Thank you, my friend, much appreciated. If we have not relocated by then (50/50 chance) I will be there. I'll keep you posted.


----------



## youngbraveheart (May 20, 2014)

Sounds terrific. If it happened on the West Coast, I'd attend.


----------



## John James (Jun 30, 2014)

Hello Everyone,
I just wanted to give an update that the Celebration Dinner capacity is already 1/4 filled. I predict that this will fill long before the event date. If you're interested in attending, please send in your applicaton to hold your spot. You can find the registration form at www.kenpokempounity.com and click the event banner. Thank you to everyone who has already signed up. It promises to be a wonderful day to honor and celebrate our Kenpo/Kempo heritage.

Sincerely,
Sensee John James


----------



## John James (Sep 24, 2014)

Hello Everyone,
Thank you very much for everyone who has already sent in their registration forms. If you're still thinking of attending, please mail your form soon, so that it arrives in time to be logged in.
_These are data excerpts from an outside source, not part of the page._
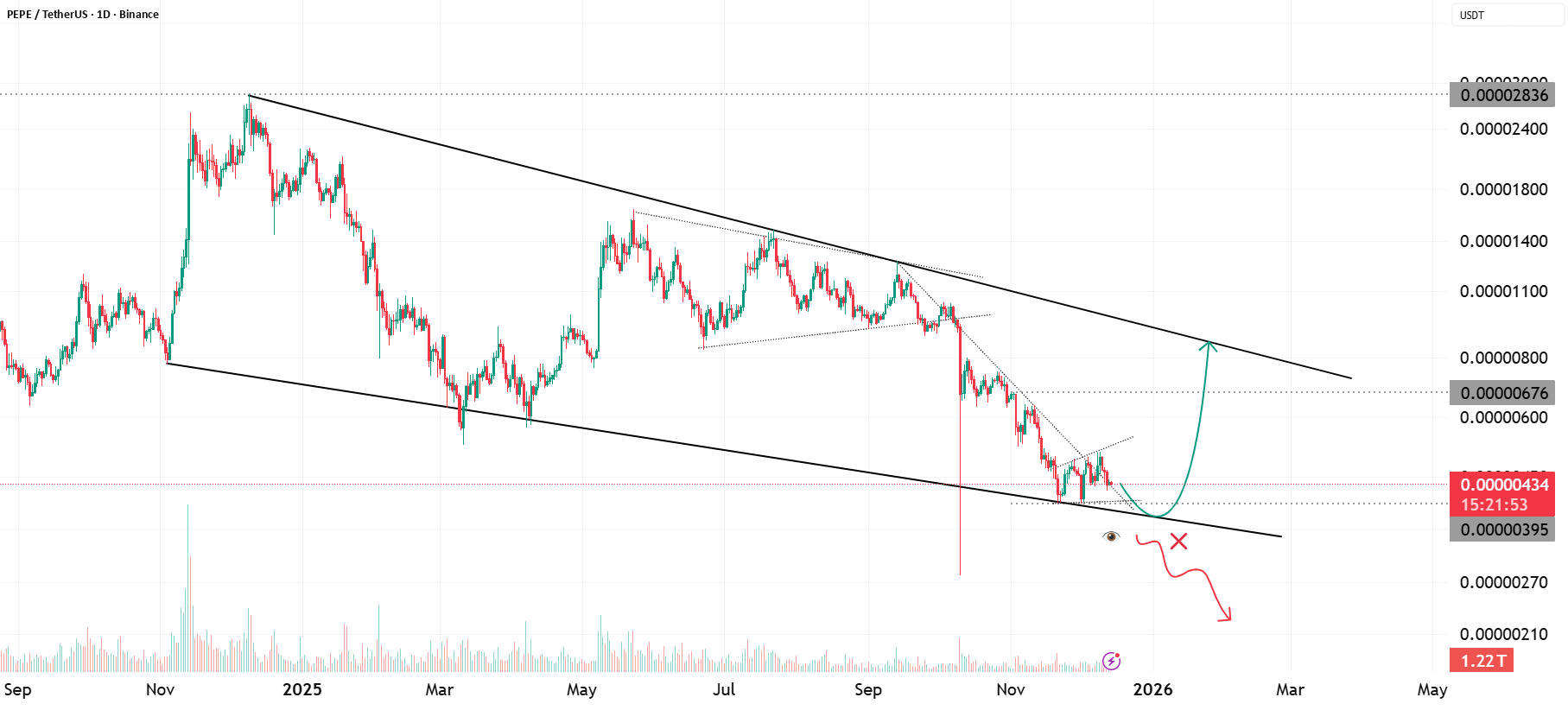 پپه (PEPE) الان تو یک موقعیت جالبی قرار داره که میتونه فرصت خوبی برای معاملهگرها باشه.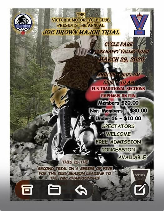 Tomorrow is the VMC Joe Brown Trial at the Victoria club property – Joe was a great guy and former Yamaha dealer, who sold more TY’s than any other dealer in Canada !! – We used to stay with Joe and Carol sometimes when travelling on Vancouver Island. – Another guy who left us too soon.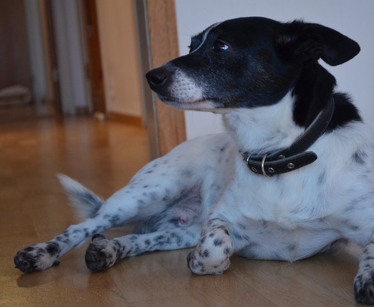 Blanding hunden er knee- høy, hvit, med mange svatre flekker, svart hode.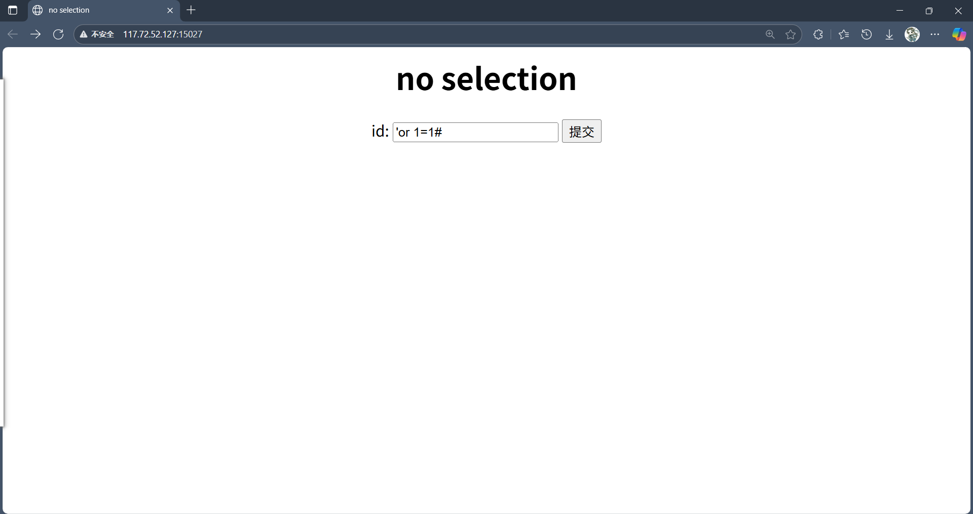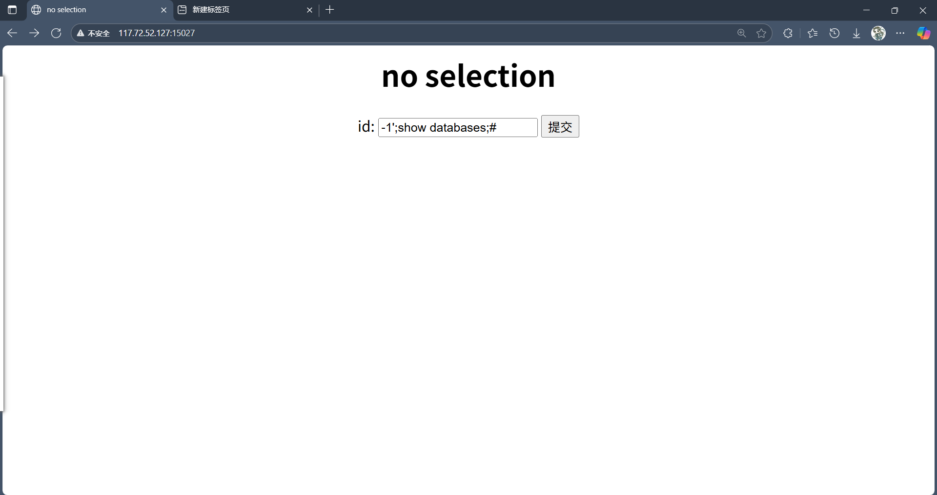 是一个sql注入的题目,看题目叫做no selection 应该是把select给过滤了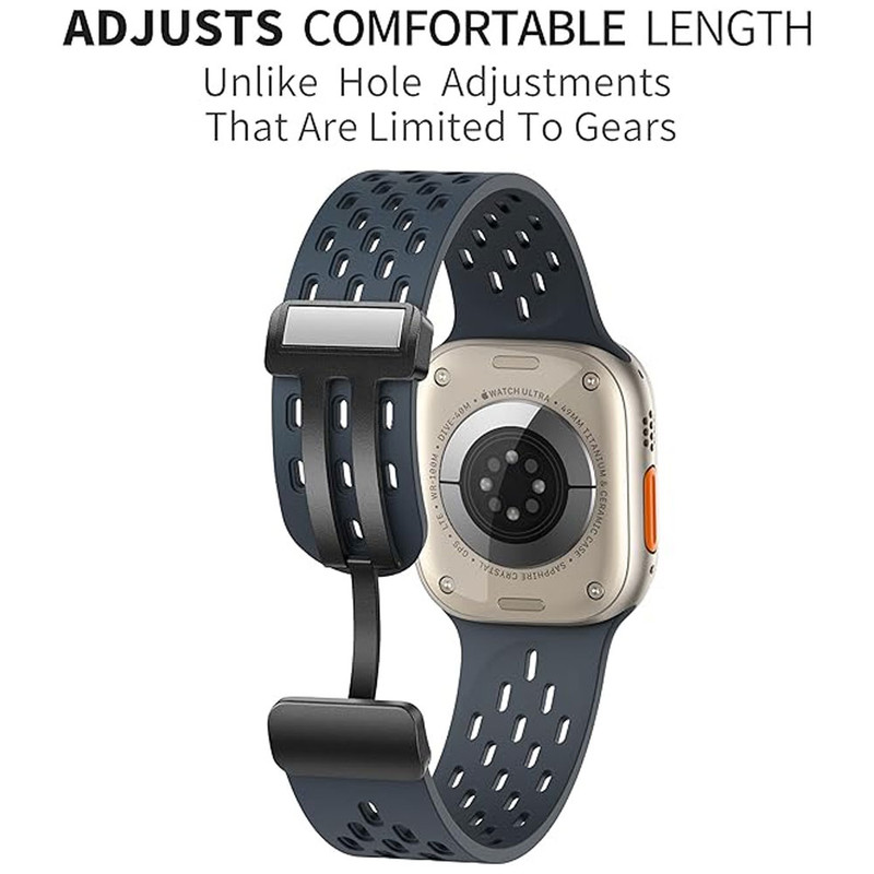 بند واچ من مدل Summer Sport-mag با طراحی بینظیر خود نه تنها ظاهر ساعت شما را ارتقا میبخشد، بلکه راحتی در استفاده را نیز به ارمغان میآورد. این بند مناسب برای اپل واچهای سایز 42 / 44 / 45 / 49 میلیمتری، بهطور مستقل قابلیت تنظیم سایز را نیز فراهم کرده است.

There are still a few spots open for the Celebration Dinner that evening. We are very much looking forward to our Honored Guests arrival and to share the experience with our fellow Kenpo/Kempo practitioners of honoring our Kenpo/Kempo Roots. 

Sincerely,
Sensee John James


----------



## John James (Oct 8, 2014)

Hello Everyone,
Thank you very much for everyone who came out to support the Kenpo/Kempo Spirit of Lo Kahi event. It was wonderfully successful with full seminar rooms for each Master teaching. The Celebration Dinner was especially gratifying as it was an opportunity to let the Masters know that their respective roots of GGM CHOW and GGM MITOSE are remembered and appreciated and that the small but loud groups of misguided Kenpo/Kempo practitioners in New England and beyond do not speak for everyone and do not guide our journeys.

Sincerely,
Sensee John James


----------